Ms Merkel said: “It’s the question of how the individual members envision the EU.
“Is it an ever closer union or is it more nation-state?
“And this is certainly not only an issue between Poland and the EU but also in other member states.”
She added: “We must find ways and possibilities to come together again on this, because a cascade of legal disputes before the European court of justice is not a solution.”
Ms von der Leyen has assured the EU Parliament and other EU member states the Commission can “send letters” and “ask for information or questions that are necessary to be asked” as it awaits the CJEU’s verdict.
MEPs are demanding tougher action.
Even if the Commission leader were to use finances to coerce Poland into bowing to the EU, with the conditionality mechanism delayed – it is difficult for Ms von der Leyen to give in on that front without looking soft.
At first, the idea was to green-light the cash needed in Poland in the wake of the Covid crisis while simultaneously launching the conditionality mechanism against many countries.

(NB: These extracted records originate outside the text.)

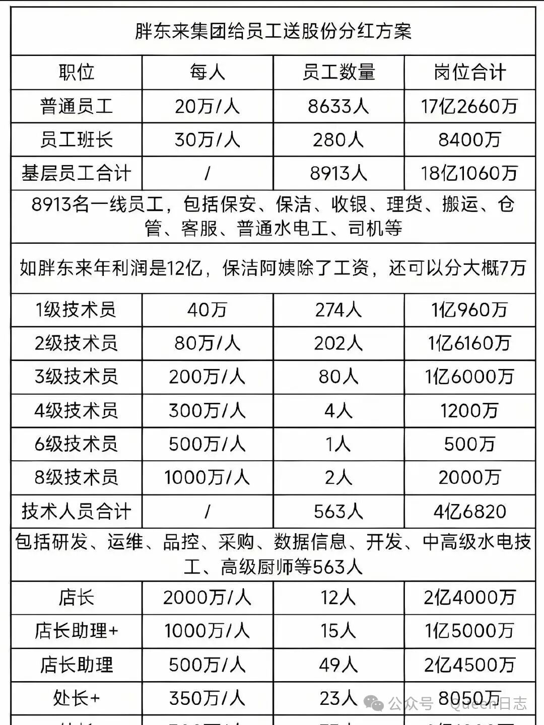 8633名普通员工人均分得20万元,12名店长每人获2000万元,管理团队与员工分配比例各占约50%。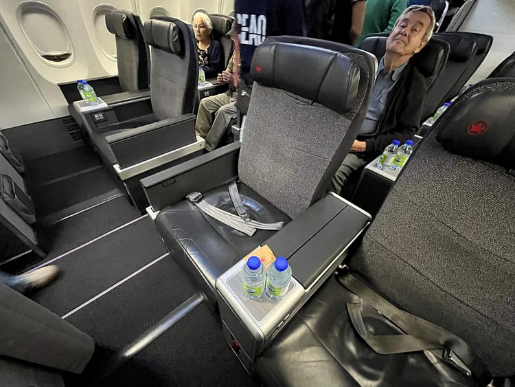 The standard North America Business Class seat has generous seat pitch and width. I’m overweight and can fit both my arms inside the armrest. The B737 has wider middle armrests than the A220, so a whole bottle of water can fit into the laptop compartment. The leg rest is a welcome comfort in addition to the steep recline. The adjustable headrest also has wings to stop your head from rolling around while sleeping.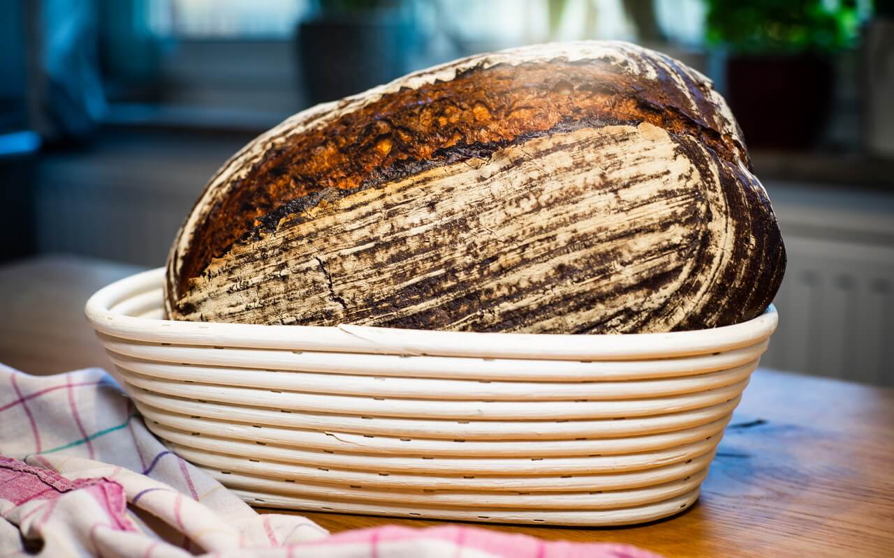 A big oval banneton proofing basket from our should have baking tools is highly recommended. Otherwise it will be very hard to get nearly 1.750 g of dough into a nice oval shape. Also use the biggest bowl you have in your kitchen for mixing the dough.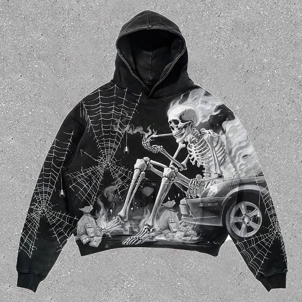 Flaming skull print hoodie

This manoeuvre was designed to appease Parliament but now the Commission leader is facing increased pressure to approve Poland’s recovery plan.
Brussels and Poland, along with some other Eastern European countries such as Lithuania, have also clashed over migrant populations.
The Eastern European nations are calling on Brussels to pay for “barbed wire or walls” on the eastern flank of the continent.
The physical barrier would be introduced to slow the surge of migrants entering from Belarus.
Lithuania’s President Gitanas Nausėda said leaders should consider “a physical fence or physical border, which is extremely needed as a short-term measure … because nobody knows what will happen tomorrow. Maybe there will be three, four, five thousand migrants staying at the border.”
Austria said the word “wall” was problematic, but he supported the concept of a physical border, adding Lithuania should not be forced to pay for this barrier and instead, EU money ought to be used.
Ms von der Leyen however has been clear she does not intend for the Commission to pay for this option.
She said: “I was very clear that there is a longstanding view in the European Commission and in the European Parliament that there will be no funding of barbed wire and walls.
“We will keep up the pressure on the Lukashenko regime.”